The automaker found that digital prototyping with XVL greatly improved its product quality, because it was easier to spot problems before manufacturing, and at the same time significantly reduced its product lifecycle costs, because design review took fewer hours and produced fewer errors.
The Factory Floor
This example involves a defense manufacturer facing the common problem of communication barriers between its designers and its manufacturing department. Designs were passed to manufacturing without any digital review. The manufacturing department had no CAD stations, and relied on paper drawings both for internal use and for their suppliers and manufacturing partners.
As production grew, it was clear that the conventional use of paper drawings and documents to convey design intent to suppliers was not sufficient. Communication was slow, causing the company to miss business opportunities. Managers decided to implement a process based on digital prototypes – 3D models that included process animations and part information to quickly show suppliers the assembly process. By combining design and production with a single digital process, the company could demonstrate to multiple subcontractors exactly what was required. The real-world result was fewer misunderstandings and fewer delays.

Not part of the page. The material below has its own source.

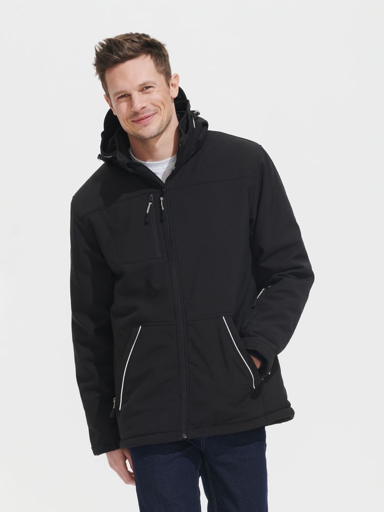 Куртка из материала Softshell. Водостойкость: 8000 мм, паропроницаемость: 1000 г/м² · 24 часа.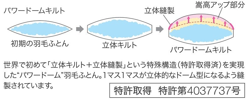 羽毛布団の生地を膨らみやすくする、世界で初めての特殊な構造

Process linking 3D data with engineering databases for shop-floor information.
As with the automaker’s example, this manufacturer’s final CAD data are converted to the lightweight and accurate representations of XVL. The XVL versions go “over the wall” to the factory floor. There, manufacturing engineers write assembly instructions, as well as other attributes like part numbers, directly on the lightweight files. In addition to these annotations, XVL allowed the engineers to easily compose animations of the assemblies, showing the proper order of parts and the inside of complex designs.
All of these instructions could be emailed to outside parties and opened with standard tools like Microsoft Excel or HTML documents. The recipients could view the instructions without a CAD system, just using commonplace PC programs. Unlike other movie formats, the animations can be viewed from any vantage point, and contain other useful interactive features. Those viewing the animation can query the assembly to highlight a specific component, and even measure dimensions between surfaces.
Compare the benefits realized by these XVL prototypes in contrast to the old method of passing a stack of paper drawings back and forth. The actual results for the company surpassed expectations. Projects were completed with zero rework, potential manufacturing problems were caught early in the process, leading to significant cost savings, and learning curves for the company’s fabricators shortened significantly – in some cases minutes instead of days.
In summary, Digital Prototyping is too important to be limited just to CAD users. Light technologies like XVL expand the bounds of digital prototyping to include many other work groups. In reality, the greatest payoff from an all-digital product development can come from bringing other groups into the fold, groups who have traditionally only had paper documents. Post-design review teams, production planners, and subcontractors are just a few of examples of non-CAD users who can make use of 3D data, and greatly shorten work cycles and costs.